*Source data:*
Start of Block

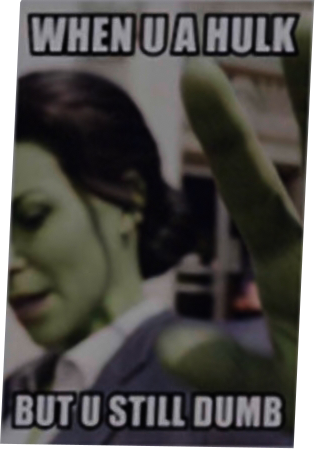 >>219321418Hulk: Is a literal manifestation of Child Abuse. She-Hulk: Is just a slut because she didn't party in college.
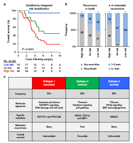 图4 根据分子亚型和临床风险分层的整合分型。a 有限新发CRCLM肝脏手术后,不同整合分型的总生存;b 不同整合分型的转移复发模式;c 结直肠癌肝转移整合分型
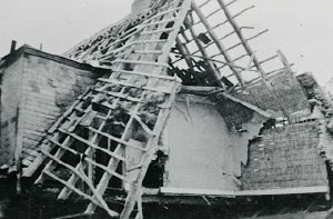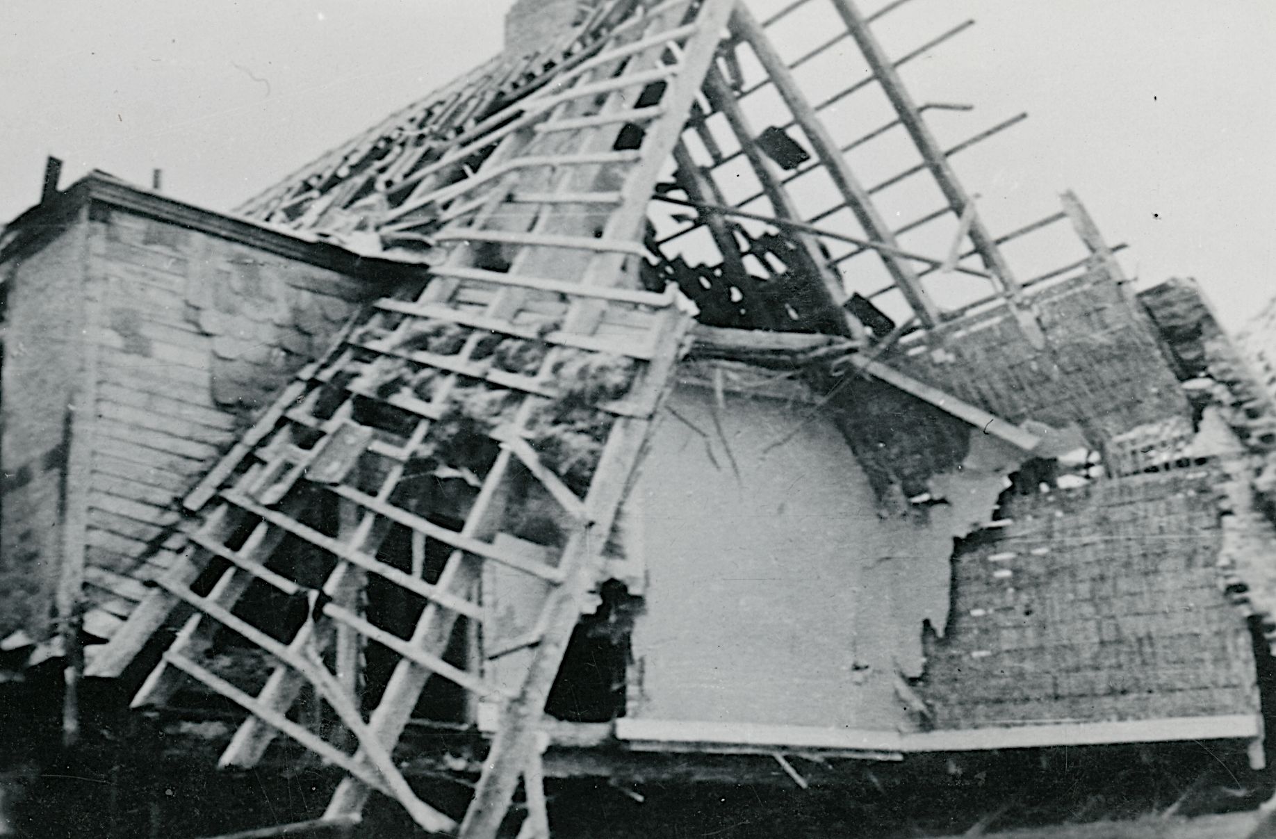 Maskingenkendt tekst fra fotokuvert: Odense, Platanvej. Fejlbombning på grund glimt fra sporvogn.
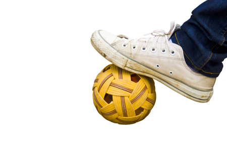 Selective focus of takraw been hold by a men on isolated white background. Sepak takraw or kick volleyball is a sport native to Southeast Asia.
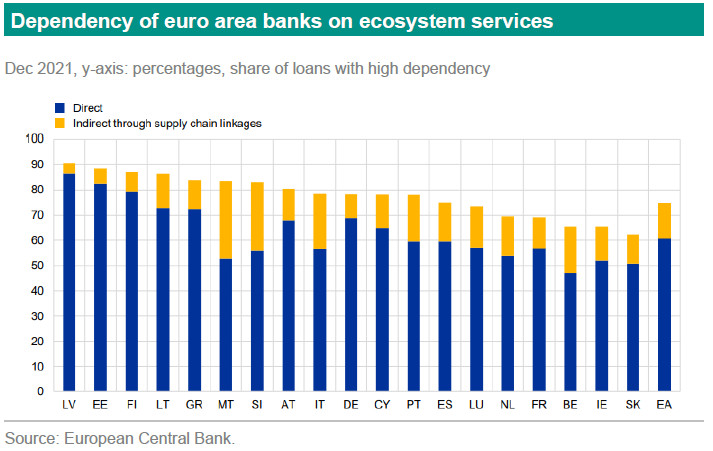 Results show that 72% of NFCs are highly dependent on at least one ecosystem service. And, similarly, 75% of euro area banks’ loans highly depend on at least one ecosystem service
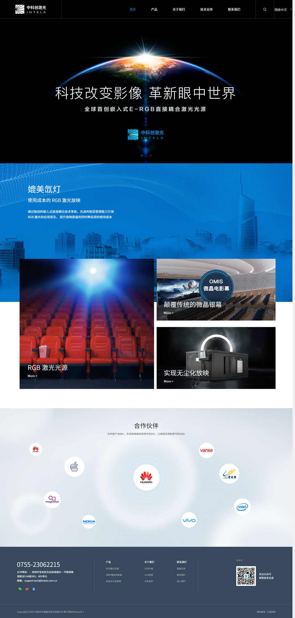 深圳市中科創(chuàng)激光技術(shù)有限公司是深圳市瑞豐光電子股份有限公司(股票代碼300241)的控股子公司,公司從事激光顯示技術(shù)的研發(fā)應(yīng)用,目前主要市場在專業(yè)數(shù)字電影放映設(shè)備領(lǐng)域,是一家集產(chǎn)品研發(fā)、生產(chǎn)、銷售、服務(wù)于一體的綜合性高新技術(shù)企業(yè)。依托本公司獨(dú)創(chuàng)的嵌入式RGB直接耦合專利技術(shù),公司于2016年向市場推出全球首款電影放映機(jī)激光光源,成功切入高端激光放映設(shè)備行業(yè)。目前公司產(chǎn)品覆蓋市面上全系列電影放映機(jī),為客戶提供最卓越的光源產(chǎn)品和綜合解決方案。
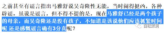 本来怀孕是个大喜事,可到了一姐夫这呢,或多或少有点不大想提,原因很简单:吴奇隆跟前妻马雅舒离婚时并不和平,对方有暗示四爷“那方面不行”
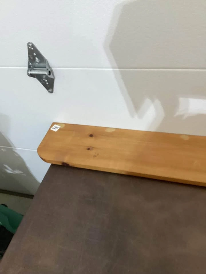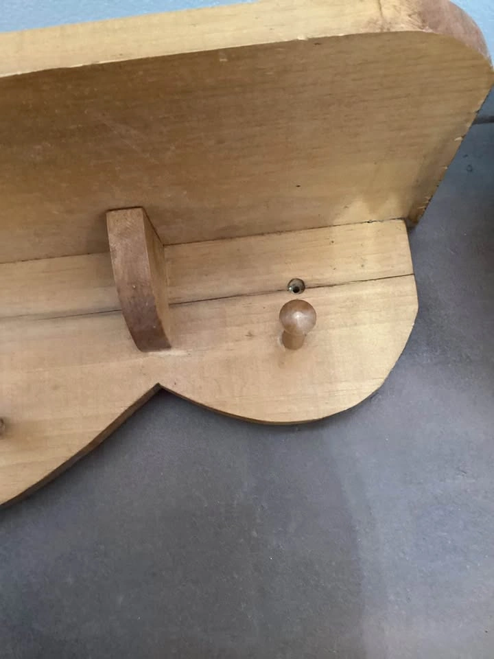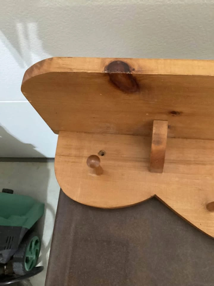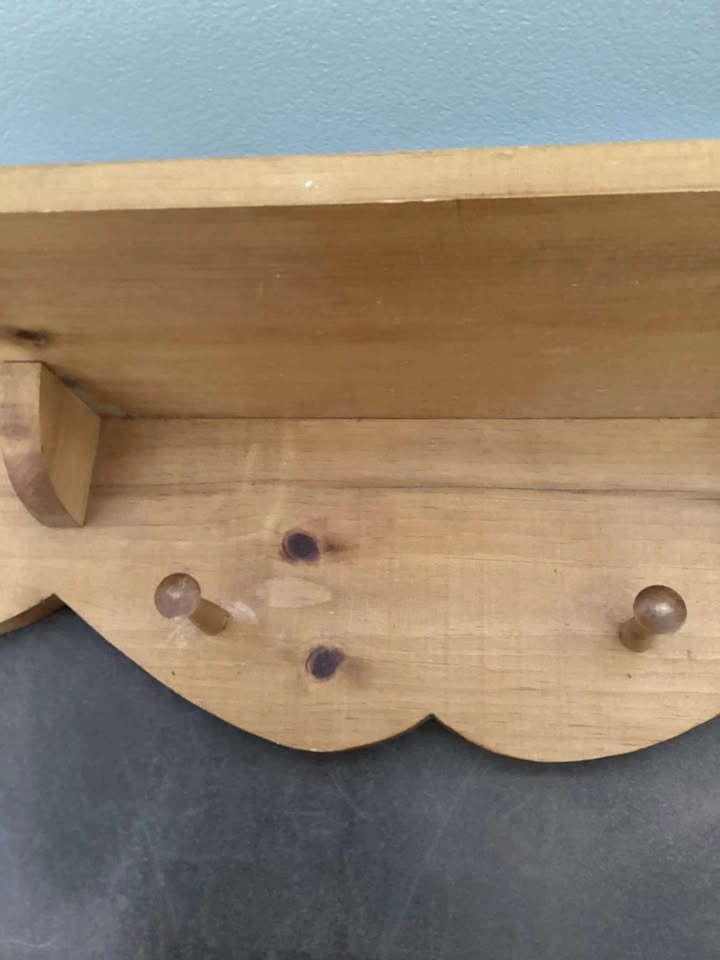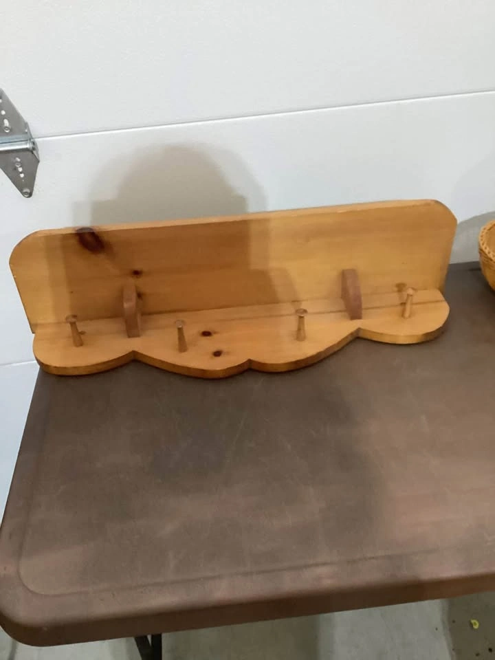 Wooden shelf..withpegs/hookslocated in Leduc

End of Block

*What is required:*
Nothing but the lines from the start of the records through the line holding "Maskingenkendt tekst fra" should be printed, exactly as written and with the pictures left out.

*Result of this task:*
 >>219321418Hulk: Is a literal manifestation of Child Abuse. She-Hulk: Is just a slut because she didn't party in college.
 图4 根据分子亚型和临床风险分层的整合分型。a 有限新发CRCLM肝脏手术后,不同整合分型的总生存;b 不同整合分型的转移复发模式;c 结直肠癌肝转移整合分型
 Maskingenkendt tekst fra fotokuvert: Odense, Platanvej. Fejlbombning på grund glimt fra sporvogn.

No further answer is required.